Once she was out of earshot, Casaria commented, “Useless fucking fairies.”
“Whatever, she’s right,” Pax said. “It’s time to get some rest.”
She turned away and exhaled her own relief that this hadn’t devolved into arguing or fighting. The others sounded like they were relaxing behind her, too, whispers passing between the Bartons and Rimes. Letty flew close to her, though, and quietly said, “So? Shall we?”
“Tomorrow,” Pax said, almost inaudibly. “Let’s talk tomorrow. I need to take a break. More than you can believe.”

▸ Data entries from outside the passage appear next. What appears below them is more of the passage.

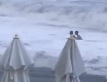 Veja vídeo do momento que a mulher desaparece ao ser arrastada pelo mar:
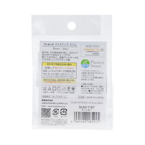 KIYOHARA ワンタッチプラスナップスリム 9組入(ラベンダー・直径9mm) サンコッコー SUN17-87 【返品種別B】
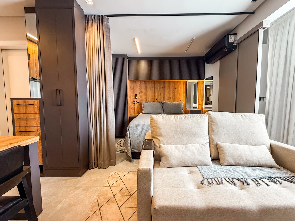 Nosso apartamento studio oferece um ambiente confortável e lindamente decorado, perfeito para quem busca qualidade e praticidade. Desfrute de uma cozinha completa, equipada com louças e utensílios, além de água quente em todas as torneiras. Roupas de cama e banho de alta qualidade garantem uma estadia ainda mais agradável, e a garagem privativa proporciona toda a comodidade que você precisa. Não aceitamos pet e é estritamente proibido fumar dentro do loft e nas áreas comuns do edifício.

Letty didn’t argue, but her eyes said an explanation would be necessary soon. Pax wanted one herself. But she wanted to sleep more. She wanted, at least for a little while, to pretend everything would be okay.
Part 2
Tuesday
&nb
sp; 1
Casaria watched them sleeping. An innocent family huddled on blankets, in desperate need of protection. Half-innocent, anyway; the bruiser of a father was at least partly responsible for their problems. The ratty doctor was hardly innocent, either. She looked like something found caught in the sluice gates of the River Gader. It had taken him a little while to realise who she was; he had met her once, when the MEE sent him to deliver samples. Once was enough. She was plainly as loopy as Apothel, but Management deemed her worth keeping around. Then there was Pax, sleeping apart from the others, near the counter, closer to the Fae than the humans. On her side, arms and legs folded gently, breathing lightly. Almost delicate. In need of protection, too, even if she commanded this group like she knew what she was doing.
If she knew what she was doing, there was no way she’d be able to sleep.
No way any of them would.
They were in a lair of villainous insects who’d done precious little to prove their worth. The one called Letty, of course, had a thing for Pax, but that would prove fickle. Casaria understood that Pax had a strange effect on people. Like most women that drew you to their will. When the dizzying effect wore off, the vile little creature would turn on them. The other two might not even wait that long.
The plump one with the simple aspect, he was the worst.
Casaria had noticed him watching, not sleeping either, sitting on top of the till. Murderous, looking for a chance to strike. Casaria stared, making sure the Fae saw the white of his eyes in the dark. Bad things might happen if the Fae thought he was asleep.
Just as well Casaria didn’t need to sleep. He’d rested when strapped to that torture chair, and even more during the lengthy bike ride across Ordshaw, even if he’d been too close to Pax for comfort. His wounds weren’t troubling him now. Much as he despised the drink that had been forced on him, it didn’t seem to have had any ill effects. And he’d been careful to keep hydrated, the large bottles of water his single concession to Pax’s stolen goods. That and the shoes. He could hardly function without shoes. He would return money to the shop they came from when all this was over. If he could find it.